§ **Exercise prompt**:
All of the data goes into your copy exactly as written. Images do not.

§ **Record extracts**:
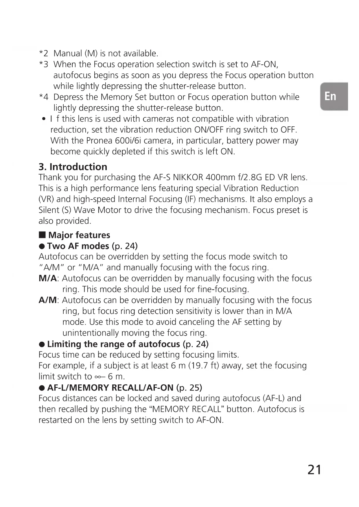 Thank you for purchasing the AF-S NIKKOR 400mm f/2.8G ED VR lens. This is a high performance lens featuring special Vibration Reduction (VR) and high-speed Internal Focusing (IF) mechanisms. It also employs a Silent (S) Wave Motor to drive the focusing mechanism. Focus preset is also provided. Major features Two AF modes (p. 24) Autofocus can be overridden by setting the focus mode switch to “A/M” or “M/A” and manually focusing with the focus ring. M/A: Autofocus can be overridden by manually focusing with the focus ring. This mode should be used for fine-focusing. A/M: Autofocus can be overridden by manually focusing with the focus ring, but focus ring detection sensitivity is lower than in M/A mode. Use this mode to avoid canceling the AF setting by unintentionally moving the focus ring. Limiting the range of autofocus (p. 24) Focus time can be reduced by setting focusing limits. For example, if a subject is at least 6 m (19.7 ft) away, set the focusing limit switch to ∞ – 6 m. AF-L/MEMORY RECALL/AF-ON (p. 25) Focus distances can be locked and saved during autofocus (AF-L) and then recalled by pushing the “MEMORY RECALL” button. Autofocus is restarted on the lens by setting switch to AF-ON.22
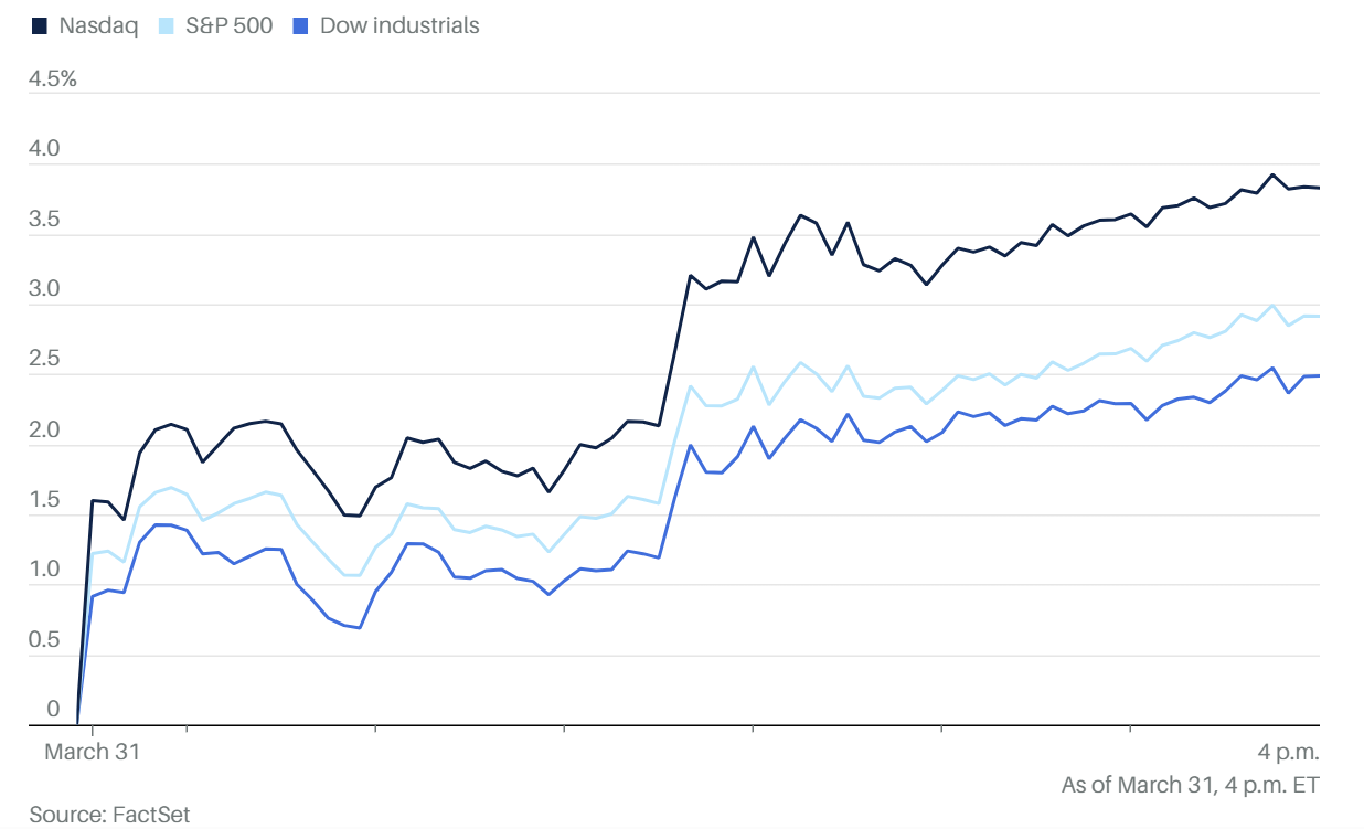 2026年3月31日,美股三大指數在第一季度的最後一個交易日上演了戲劇性的「大反攻」。儘管整個三月份受中東戰火衝擊而表現陰霾,但週二憑藉地緣政治局勢的轉機與AI龍頭企業的重磅投資,市場信心大幅回升 。道瓊工業指數飆升超過1,100點,那斯達克指數更創下超過3.8%的單日漲幅 。
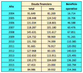 En la tabla podemos ver que el beneficio operativo no se ha conseguido a costa de aumentar la deuda financiera sino a pesar de que esta se ha mantenido más o menos constante a lo largo del período en términos absolutos. En términos relativos, la relación entre ambas variables es aún más favorable, tal como se indica en el apartado 2.6.
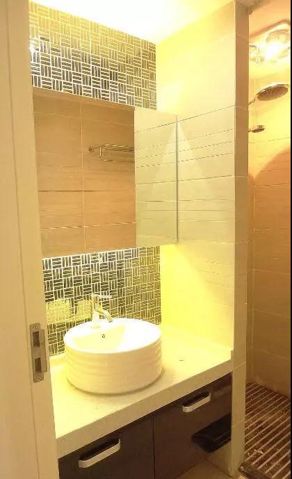 洗漱台,安装在卫生间的外面,做到了干区的彻底分离,也方便了日常的梳洗清洁,整体效果也是简单时尚;
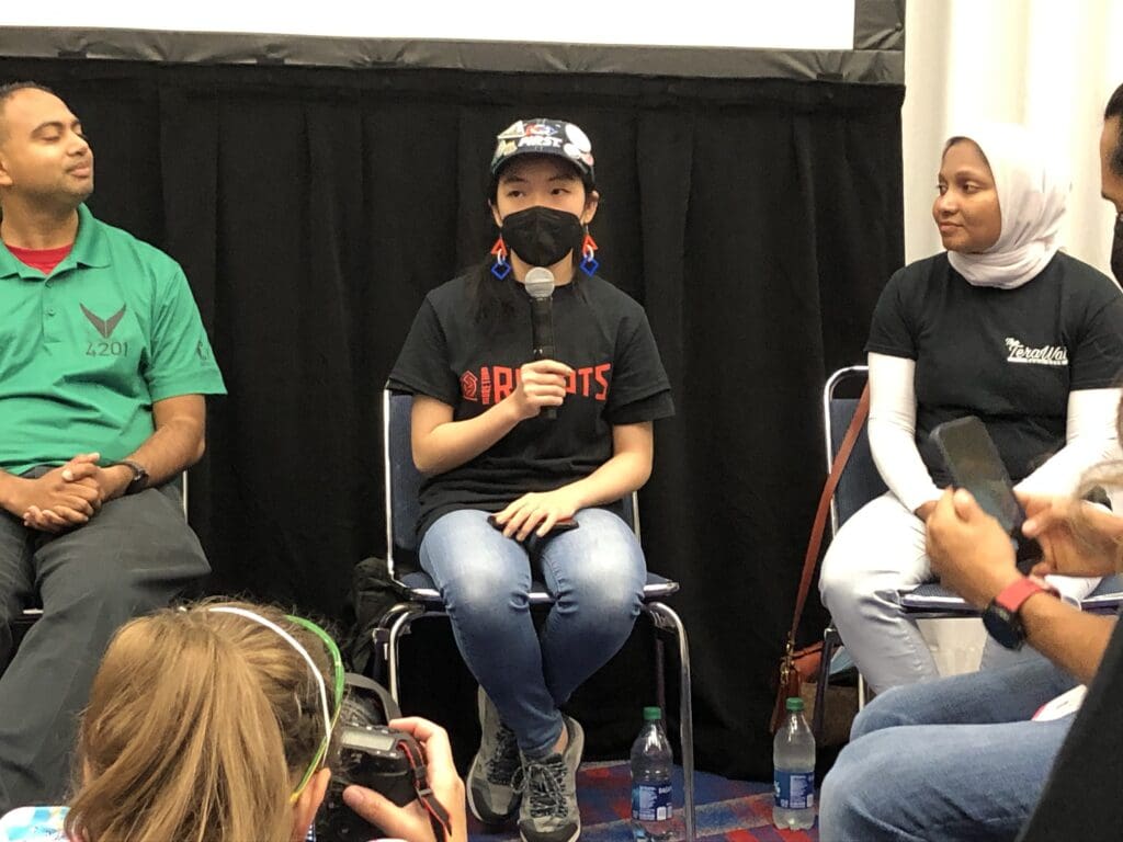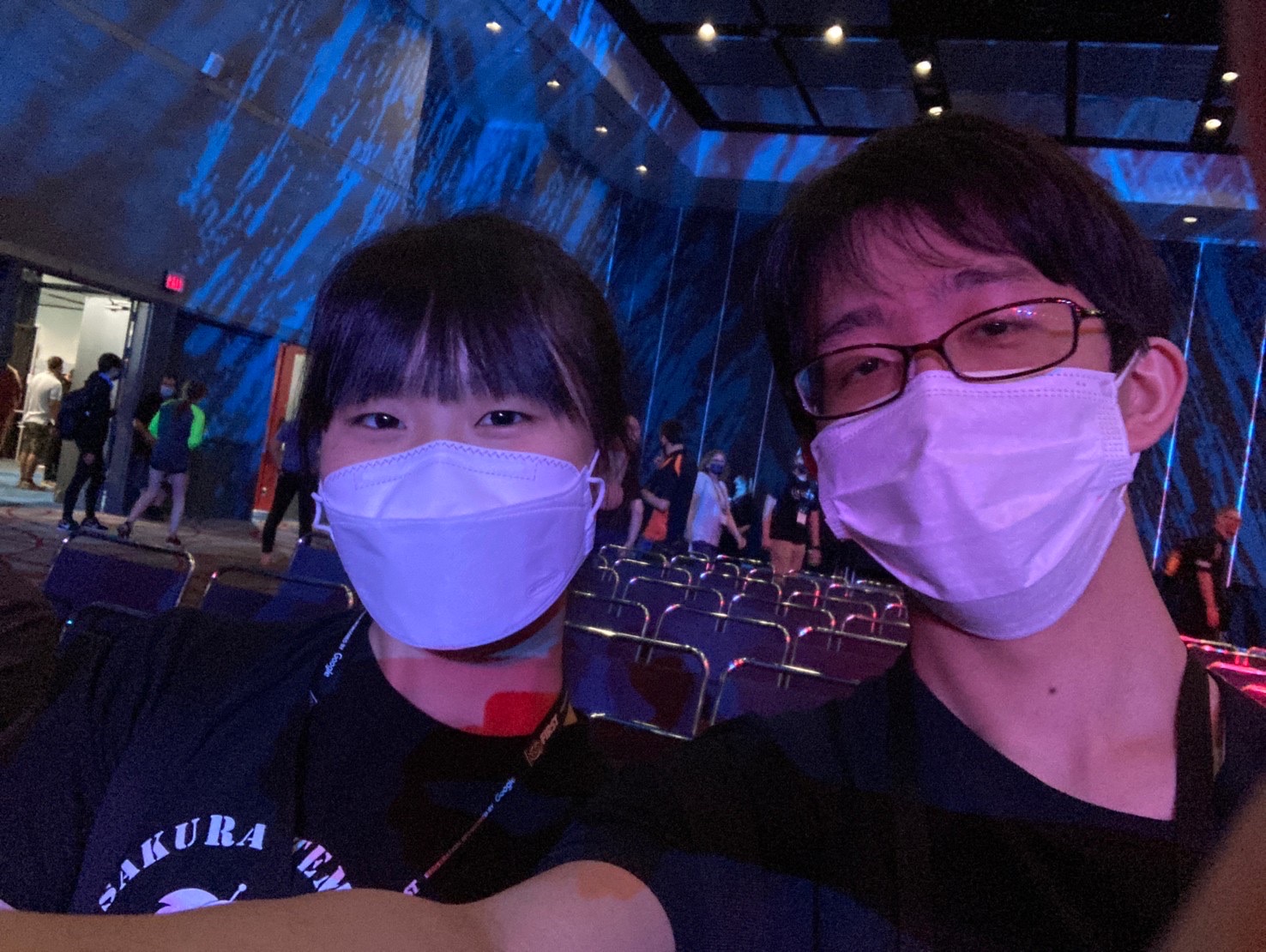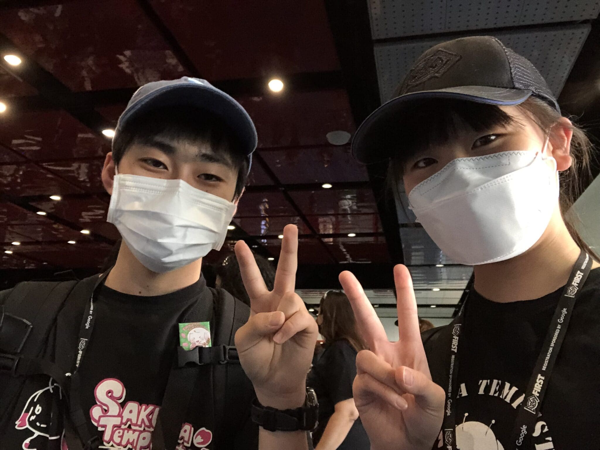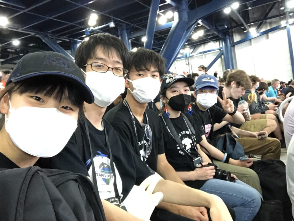ちなみに、少し見えづらいですが、神が来ているのは今回Championshipで買ったTシャツで、背中側にMENTORという文字とチーム番号の6909が入っています!メンターのはずなのにメンバーのように見えてしまうのでこの文字を入れて作ったそうです。確かに、実際大会に来てみると、やはり日本人は若く見えるのか、神(大学3年)は高校生くらい、私(高3)も中学生か、もしかしたら小学生くらいに見えているのかもしれません💦

§ **Solution to this task**:
 Thank you for purchasing the AF-S NIKKOR 400mm f/2.8G ED VR lens. This is a high performance lens featuring special Vibration Reduction (VR) and high-speed Internal Focusing (IF) mechanisms. It also employs a Silent (S) Wave Motor to drive the focusing mechanism. Focus preset is also provided. Major features Two AF modes (p. 24) Autofocus can be overridden by setting the focus mode switch to “A/M” or “M/A” and manually focusing with the focus ring. M/A: Autofocus can be overridden by manually focusing with the focus ring. This mode should be used for fine-focusing. A/M: Autofocus can be overridden by manually focusing with the focus ring, but focus ring detection sensitivity is lower than in M/A mode. Use this mode to avoid canceling the AF setting by unintentionally moving the focus ring. Limiting the range of autofocus (p. 24) Focus time can be reduced by setting focusing limits. For example, if a subject is at least 6 m (19.7 ft) away, set the focusing limit switch to ∞ – 6 m. AF-L/MEMORY RECALL/AF-ON (p. 25) Focus distances can be locked and saved during autofocus (AF-L) and then recalled by pushing the “MEMORY RECALL” button. Autofocus is restarted on the lens by setting switch to AF-ON.22
 2026年3月31日,美股三大指數在第一季度的最後一個交易日上演了戲劇性的「大反攻」。儘管整個三月份受中東戰火衝擊而表現陰霾,但週二憑藉地緣政治局勢的轉機與AI龍頭企業的重磅投資,市場信心大幅回升 。道瓊工業指數飆升超過1,100點,那斯達克指數更創下超過3.8%的單日漲幅 。
 En la tabla podemos ver que el beneficio operativo no se ha conseguido a costa de aumentar la deuda financiera sino a pesar de que esta se ha mantenido más o menos constante a lo largo del período en términos absolutos. En términos relativos, la relación entre ambas variables es aún más favorable, tal como se indica en el apartado 2.6.
 洗漱台,安装在卫生间的外面,做到了干区的彻底分离,也方便了日常的梳洗清洁,整体效果也是简单时尚;
ちなみに、少し見えづらいですが、神が来ているのは今回Championshipで買ったTシャツで、背中側にMENTORという文字とチーム番号の6909が入っています!メンターのはずなのにメンバーのように見えてしまうのでこの文字を入れて作ったそうです。確かに、実際大会に来てみると、やはり日本人は若く見えるのか、神(大学3年)は高校生くらい、私(高3)も中学生か、もしかしたら小学生くらいに見えているのかもしれません💦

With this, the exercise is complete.